Acca Larentia.—Eso es algo muy improbable. ¿Y ello sucederá por culpa de mi apodo?
La gallina.—Por culpa de tu apodo, sí.
Acca Larentia.—¿Y qué más harán?
La gallina.—Raptar a una sabinas que estaban deseando que las raptasen y fundar una ciudad que estará generalmente gobernada por gentuza y a la que en una ocasiones se la llamará «ciudad eterna» y en otras, algo que no se debe decir en voz alta.
Acca Larentia.—¿Y todo ello se hará sobre mis colinas?
La gallina.—En efecto. La urbe será la sede de un gran imperio, que estará fundamentado en el tradicional oficio de la prostitución, por lo que sus habitantes se avergonzarán de ti y se inventarán lo de la loba amamantadora.

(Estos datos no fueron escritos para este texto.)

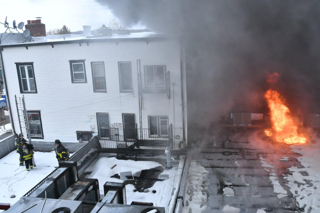 Using three hose lines from tower ladders, among other techniques, the blaze was brought under control at about 9:54 a.m. Sunday.

Acca Larentia.—¡Desagradecidos!
La gallina.—Bueno, como ya he cumplido con mi parte del trato y te he contado lo que querías saber, cumple tu ahora la parte del tuyo y déjame en libertad.
Acca Larentia.—Voy.
(Acca Larentia le pega un tajo a la gallina y la deja seca.)
La gallina.—¡Kikirikiiiii... aaaag! (Muere.)
Acca Larentia.—(Mirando a los bebés.) Esos pequeñines no van a estar chupando piedras todo el día. Tendrán que tomarse un caldo o algo. digo yo.